Le Casino tente depuis deux ans d’initier les Luxembourgeois aux plaisirs de l’art contemporain.
Un pinceau à la main, une araignée achève de faire briller sa toile. Un insecte silencieux et patient, la peau blanche comme du lait sous sa chevelure rouge. Simone Decker achève de tisser les rubans adhésifs de De quoi s’occuper : un noeud compact de bandes rouge, jaune et bleu, plaquées au mur d’une pièce devenue impraticable, coupée du monde extérieur par cette occupation multicolore. Travail obsessionnel et quasi autistique, qui rappelle une précédente installation de la jeune Luxembourgeoise : une paroi de bonbons agglutinés les uns contre les autres, dûment léchés par l’artiste. « C’est tellement obsessionnel et tellement absurde », explique-t-elle, c’est le genre de boulot que j’aime bien faire. Un travail sur la frustration et l’occupation d’espace. J’ai pris ma place. » Non pas une performance mais « quelque chose de très familier, comme la répétition des tâches ménagères ».
A quelques mètres de là, elle a dressé une cabane en papier collant.
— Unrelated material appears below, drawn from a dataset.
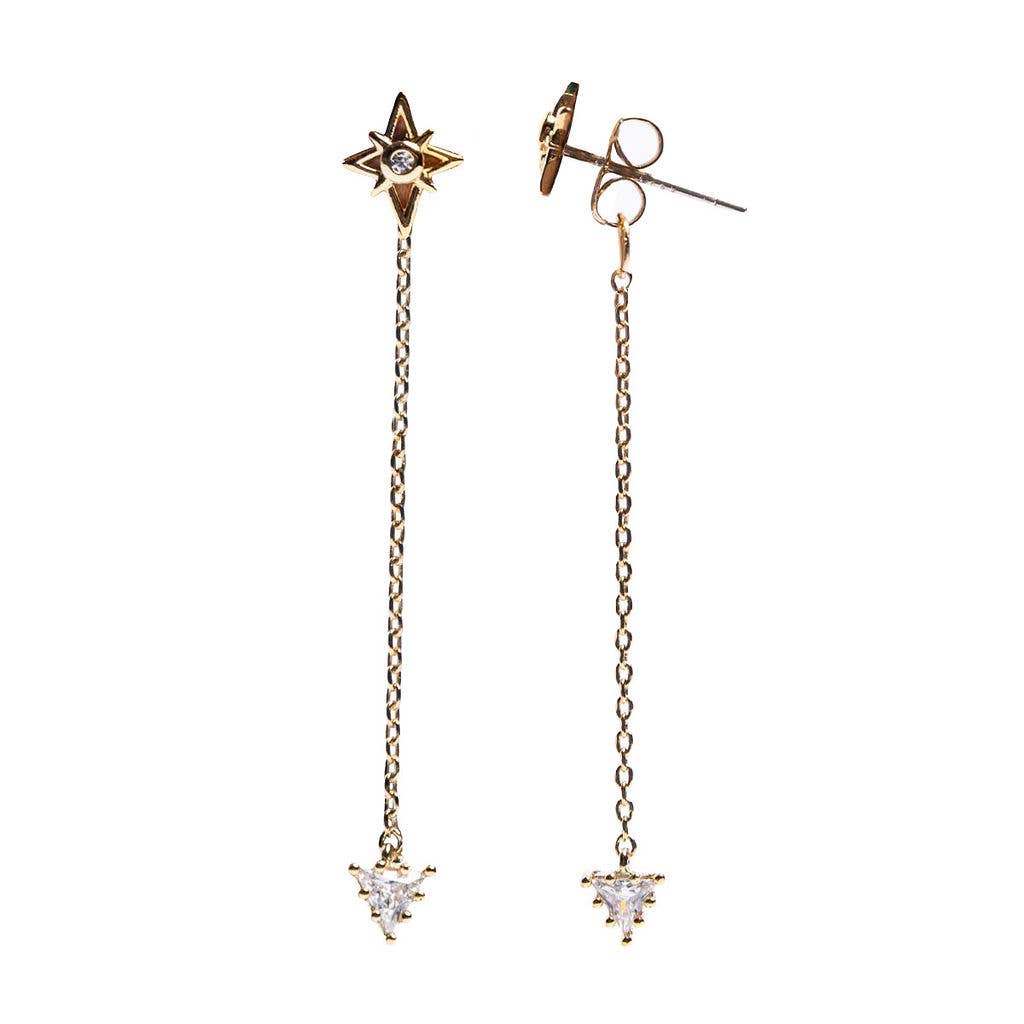 Elsker blandede metaller i smykker? Rør op nogle glitre i disse guld frynser, sterling sølv resultater og cubic zirconia dråbe øreringe. Sexet og næsvis. * Sterling sølv øretråd og finde * Forgyldt frynser *Cubic Zirconia * Alle øreringe kommer på repurposed læder for nem og elegant skærm

Une fois à l’intérieur des quatre murs transparents, le visiteur se retrouve piégé comme une mouche, les pieds fixés au sol par une glu invisible. Un piège à insectes pour humains, sournois et angoissant, méchamment intitulé Pavillon. « Ici, chacun a son pavillon de chasse », un symbole du confort et de la tranquillité du pays. « Il n’y a pas plus conservateurs et plus bourgeois que les Luxembourgeois. » Bienvenue à Luxembourg. Car les pièges de Simone Decker attendent leur proie au Casino, centre d’art d’une ville bordée de banques et de sièges de compagnies d’assurances. Loin de toute radioactivité artistique notable.
Le Casino-forum d’art contemporain s’est ouvert il y a deux ans à Luxembourg, dans un pays dépourvu jusqu’ici de musée d’art moderne. Et pour cause : dans un Etat aussi petit, rien ne différencie un artiste local (sculpteur sur verre, peintre du dimanche) d’un artiste national. John Armleder, « star » de l’actuelle exposition du forum, est suisse. Lorsqu’il parcourt les salles du Casino, il secoue la fine natte qui lui longe le dos et sourit. Autour de lui, les murs rigolent et les parois crissent. Des rangées de pois, de cibles sphériques, de silhouettes de rat jurent avec le pull grenat et les petits canards de la cravate de l’artiste. Cette rétrospective de Wall paintings fait le tour de 30 ans de peintures murales, depuis les premiers murs blancs sur fond blanc des années 60 aux tout récents Smileys (en référence ironique au travail du Britannique Damien Hirst). « Au début, je travaillais sur le mur comme surface. Ici, mon travail est plus ornemental. Ces Wall paintings posent le problème du décor, de la superficialité du signe. Comme la vitrine d’un magasin. Ou comme un catalogue de papiers peints, avec ce malaise : on ne sait pas comment le motif se répétera. » Fin provocateur et épris d’absurde, John Armleder poursuit un travail subtil oscillant entre le kitsch le plus cynique et la retenue la plus austère, l’imperceptible. « J’ai repeint les murs d’une galerie de la même couleur, en Suisse, sans le dire. C’est important car je suis toujours confronté aux extrêmes de ma pratique. Une oeuvre n’existe que si elle est partagée. C’est absurde de faire un travail qui ne se voit pas. C’est fascinant. Parce que la plupart des choses que nous faisons passent inaperçues. Ce qui en fait de l’art, c’est l’affichage des intentions. » En plein centre-ville, à quelques mètres de la vallée de la Pétrusse, encaissée et brumeuse comme dans un conte de Grimm, John Armleder se prend à rêver. Et évoque « quelque chose d’inapprochable, quelque chose qui n’existe pas, le n’importe quoi absolu : ce serait idéal pour un artiste professionnel de décider de devenir amateur, un peintre du dimanche ».